◆ AIM OF THE TASK: Your job is to give again, exactly and with no additions, the lines in the records below from the one with "Un grup assaja al pati de l'antiga escola." through the one with "1 Borne frontière 310", both included. Omit the pictures.

◆ EXCERPTED DATA:

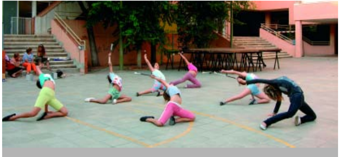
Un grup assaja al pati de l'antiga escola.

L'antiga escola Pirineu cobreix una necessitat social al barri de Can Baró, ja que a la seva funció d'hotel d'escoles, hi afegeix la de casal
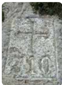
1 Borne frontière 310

==

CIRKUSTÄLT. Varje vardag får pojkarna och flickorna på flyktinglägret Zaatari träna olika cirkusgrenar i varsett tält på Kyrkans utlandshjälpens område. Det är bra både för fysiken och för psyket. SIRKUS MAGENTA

==

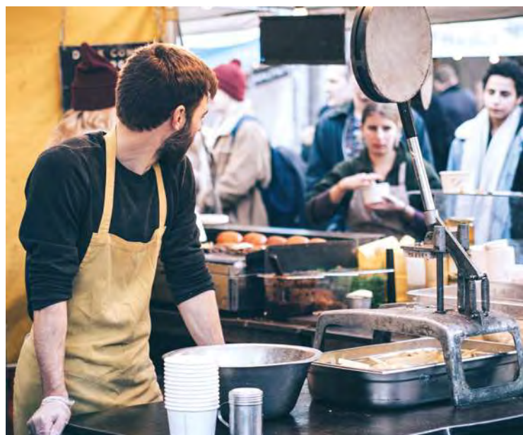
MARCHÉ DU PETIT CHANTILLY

◆ TASK RESPONSE:
Un grup assaja al pati de l'antiga escola.

L'antiga escola Pirineu cobreix una necessitat social al barri de Can Baró, ja que a la seva funció d'hotel d'escoles, hi afegeix la de casal
1 Borne frontière 310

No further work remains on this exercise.